For live/dead bacteria staining, the 24-h biofilms on the disks were washed three times with PBS and then stained using the BacLight live/dead bacterial viability kit (Molecular Probes, Eugene, OR, USA). Live bacteria were stained with Syto 9 to produce green fluorescence, and bacteria with compromised membranes were stained with propidium iodide to produce a red fluorescence. The disks were examined using a confocal laser scanning microscope (CLSM) (Leica, Wetzlar, Germany). An EPS assay was conducted in accordance with previous studies. Briefly, the bacterial cells were labeled by using 2.5 μM SYTO 9 green fluorescent nucleic acid stain (480/500 nm; Molecular Probes Inc., Eugene, OR, USA). The polysaccharides were labeled with 2.5 μM Alexa Fluor 647-dextran conjugate (molecular weight, 10,000; maximum absorbance wavelength, 647 nm; maximum fluorescence emission wavelength, 668 nm; Molecular Probes Inc., Eugene, OR, USA). Then, the 24-h biofilms on the disks were examined using a CLSM (Leica, Wetzlar, Germany). All 3-dimensional reconstructions of the biofilms were performed with Imaris 7.0.0 (Bitplane, Zürich, Switzerland), and the quantification of the live/dead and EPS bacteria volume ratio was performed with Image-Pro Plus (Media Cybernetics, Silver Spring, MD, USA) and COMSTAT.

4.9. Transverse Microradiography

This experimental study was performed on extracted bovine teeth. The labial dental crown was cut into 5 um × 5 um × 4 um. The parallel dentin surfaces were measured using the Rockwell hardness test [41] (Zwick, Ulm, Germany). Bovine specimens in the range from 350 KHN to 550 KHN were collected for the demineralization test.

The specimens were formed into approximately 8 mm × 5 mm × 4 mm. Each sealed specimen was immersed in distilled water for 24 h to remove unpolymerized monomer. Both the samples and the 24-well plate were sterilized in an ethylene oxide sterilizer (AnproleneAN 74i, Andersen, Haw River, NC, USA) and enclosed at room temperature.

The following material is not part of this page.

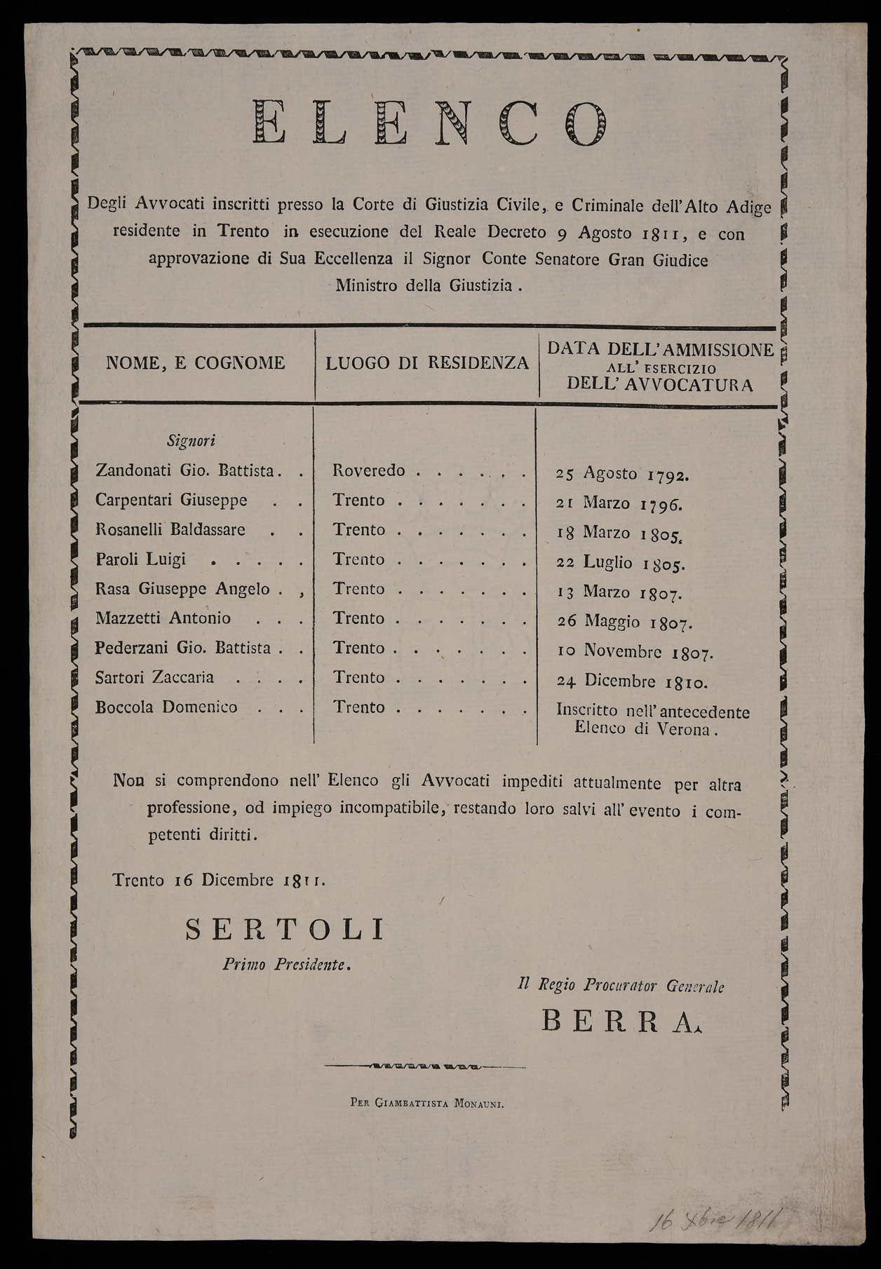 | Elenco degli avvocati inscritti presso la Corte di giustizia civile e criminale dell'Alto Adige residente in Trento in esecuzione del reale decreto 9 agosto 1811 e con approvazione di sua eccellenza il signor conte senatore gran giudice ministro della giustizia |

Controlled oral multi-species biofilms were cultured in accordance with a previous study [26]. An amount of 2 mL bacterial suspension solution was added to each well with a fixed bovine sample, which was cultured anaerobically in a brain heart infusion medium with 1% sucrose at 37 °C (90% N2, 5% CO2, 5% H2). The medium refreshed every 12 h. After 3 days of biofilm demineralization treatment for bovine with antibacterial adhesive, samples were taken out and rinsed softly with distilled water three times to remove the biofilms [42]. Six replicates were tested for each group.

After the oral bacterial biofilm demineralization treatment, all specimens were cut again and polished by hand plane—parallel from both sides with water-cooled silicon carbide disks (800-, 1200-grade papers, ANSI grit; Buehler, Lake Bluff, IL, USA) to a thickness ranging around 150 nm. Micrographs were taken of each section together with an aluminum calibration step wedge with 14 steps. Kodak high-resolution plates (type 1A) were used with a 15-min exposure using a CuKa X-ray source (Philips B.V., Amsterdam, The Netherlands) operating at 25 kV and 10 mA. The film–focus–specimen distance was 40 cm in height. The plates were developed using Kodak brand materials and following the manufacturers’ instructions. The developed film was analyzed using a transmitted light microscope with a ×20 objective (Axioplan; Zeiss, Oberkochen, Germany), equipped with a CCD camera (Canon, Tokyo, Japan) connected to a PC (TOSHIBA, Tokyo, Japan) with frame grabber, data acquisition, and calculation software (TMR 2012, Inspektor Research BV, Amsterdam, The Netherlands). The lesion depth was calculated using a threshold of 90% of the mineral content of sound dentine (i.e., 47.5%). The integrated mineral loss (vol. % mm, DZ) and the lesion depth (mm) were also calculated, using a two-stage analysis procedure.

4.10. Statistical Analysis

The Mann–Whitney U-test was performed to detect the significant effects of the variables at a p value of 0.05. The SPSS21.0 (SPSS Inc., Chicago, IL, USA) software was used for the statistical analysis.